All of it was conducted at the experiential level and I had several realizations, nothing major, although they were the first I’d ever had and so they were major for me.
But the experience I wanted to share with you was of watching a man stand up in the dining room and hold forth for perhaps ten minutes.
And all he said was how he felt. He went through nervousness, shame, and whatever lay on the other side. I remember sadness as well. He’d repeat how he felt over and over and over again and it would change. “I feel nervous.” x10 “I feel shame.” x10
Why was this magical for us?
We so valued him baring his soul.

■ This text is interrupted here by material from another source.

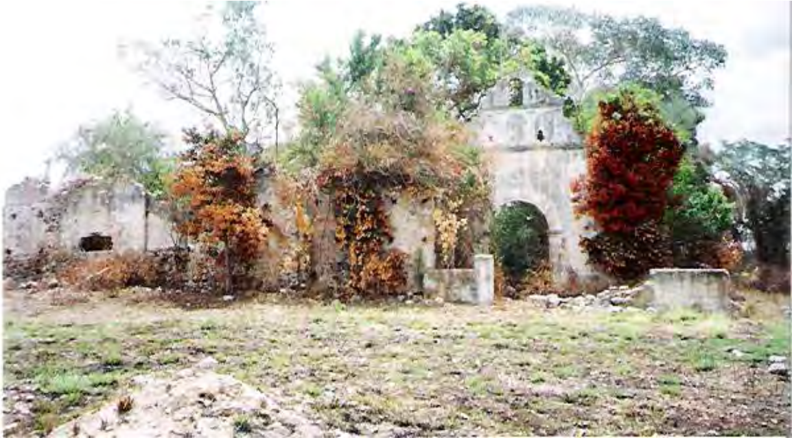
Ilustración 2 Seyba Cabecera

And we had another reason for valuing it.
We were there to increase our emotional acuity or awareness. Regarding ourselves for sure but also regarding others.
We paid attention to how each other was feeling but on few occasions did we get confirmation that we were accurate or off base in our estimations of what those feelings might be.
For sure people would share how they were feeling, but I mean more on a minute-by-minute basis – watching the flow of feeling.
Now here was Sathyam revealing himself in this way, being the feeling and naming it at the same time. It allowed us to validate our ability to perceive others’ emotional states or not. We could set our compasses on what Sathyam was saying.
So it was not only moving but also supremely helpful.
That whole environment was experientially savvy. We’d do ourselves an injustice if we thought that generation was somehow behind us. In many ways, they were ahead.
I’d like to see us up-level our knowledge from the merely intellectual to the experiential as well. Fundamentally that would involve being or becoming aware of how we and others feel.
When we asked, “How are you feeling today?” it wasn’t an invitation to reply in just one word. It was an invitation to share all that we’d seen and noticed since last we talked.